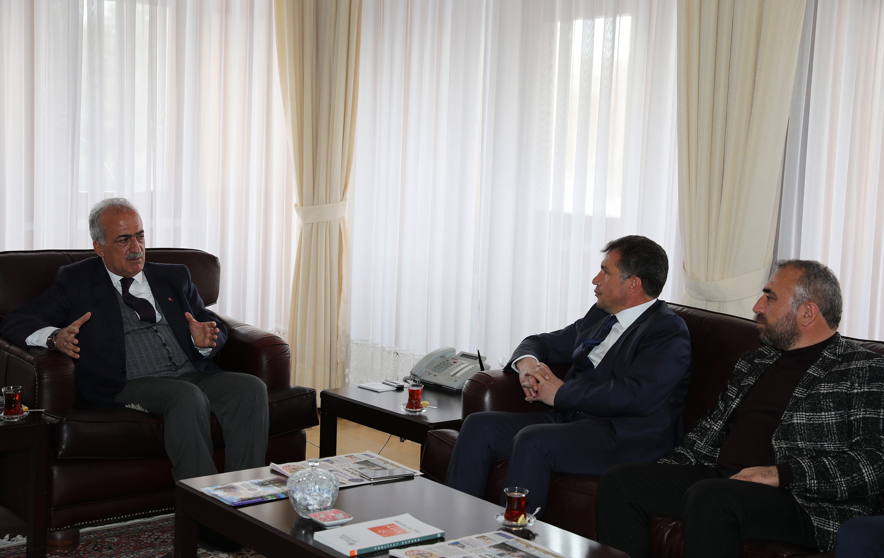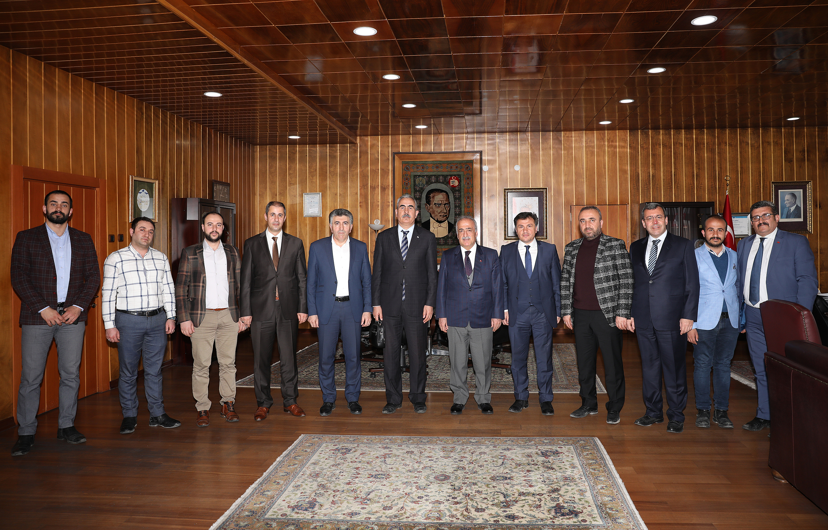 Müstakil Sanayici ve İş Adamları Derneği (MÜSİAD) Erzurum Şube Başkanı Fuat Demir ve yönetim kurulu üyeleri Atatürk Üniversitesi Rektörü Prof. Dr. Ömer Çomaklı’yı ziyaret etti.
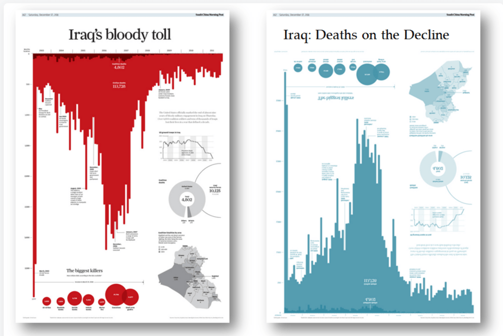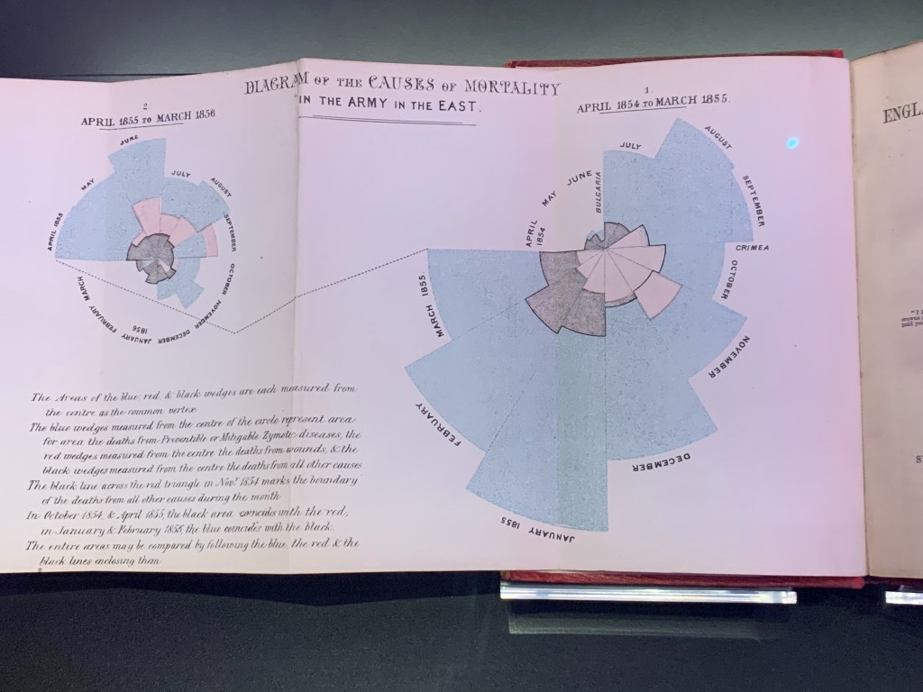 Returning to the chapter on data visualisation – I’ve shown Andy Cotgreave’s seminal re-working of “Iraq’s Bloody Toll” above, which if you’re not familiar with it, is definitely worth reading about on his blog, how orientation, framing, colour and font choice can almost completely reverse the story a visualisation is trying to tell. But it’s also worth calling out Florence Nightingale’s coxcomb/rose visualisations. Below is my own photo, taken at the Science Museum in London, of Nightingale’s viz, which has survived only as a fold-out appendix/frontispiece in a book on the Crimean War by Harriet Martineau, in order to get her visualisation in front of as many eyes as possible, the “vulgar public”.
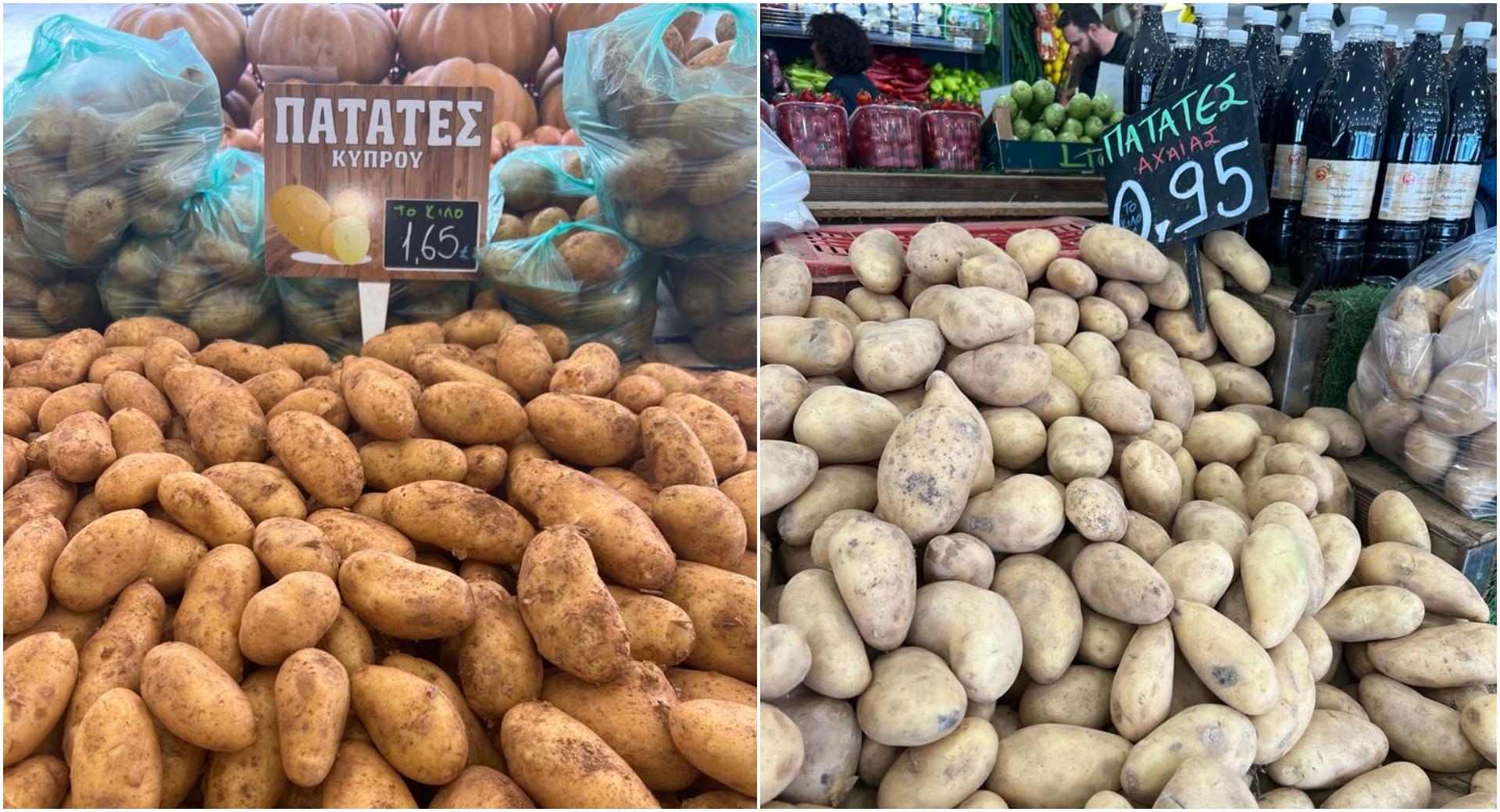 €1,65 το κιλό οι πατάτες Κύπρου σε ένα μεγάλο μανάβικο στην περιοχή του Γέρακα, στην Αττική. Και δίπλα, όπως βλέπετε στις δύο φωτογραφίες, στα €0,95 οι πατάτες Αχαΐας.
····················
**YOUR GOAL:**
Exclude every picture, then reproduce the remaining data character for character.

**EXERCISE ANSWER:**
 Müstakil Sanayici ve İş Adamları Derneği (MÜSİAD) Erzurum Şube Başkanı Fuat Demir ve yönetim kurulu üyeleri Atatürk Üniversitesi Rektörü Prof. Dr. Ömer Çomaklı’yı ziyaret etti.
 Returning to the chapter on data visualisation – I’ve shown Andy Cotgreave’s seminal re-working of “Iraq’s Bloody Toll” above, which if you’re not familiar with it, is definitely worth reading about on his blog, how orientation, framing, colour and font choice can almost completely reverse the story a visualisation is trying to tell. But it’s also worth calling out Florence Nightingale’s coxcomb/rose visualisations. Below is my own photo, taken at the Science Museum in London, of Nightingale’s viz, which has survived only as a fold-out appendix/frontispiece in a book on the Crimean War by Harriet Martineau, in order to get her visualisation in front of as many eyes as possible, the “vulgar public”.
 €1,65 το κιλό οι πατάτες Κύπρου σε ένα μεγάλο μανάβικο στην περιοχή του Γέρακα, στην Αττική. Και δίπλα, όπως βλέπετε στις δύο φωτογραφίες, στα €0,95 οι πατάτες Αχαΐας.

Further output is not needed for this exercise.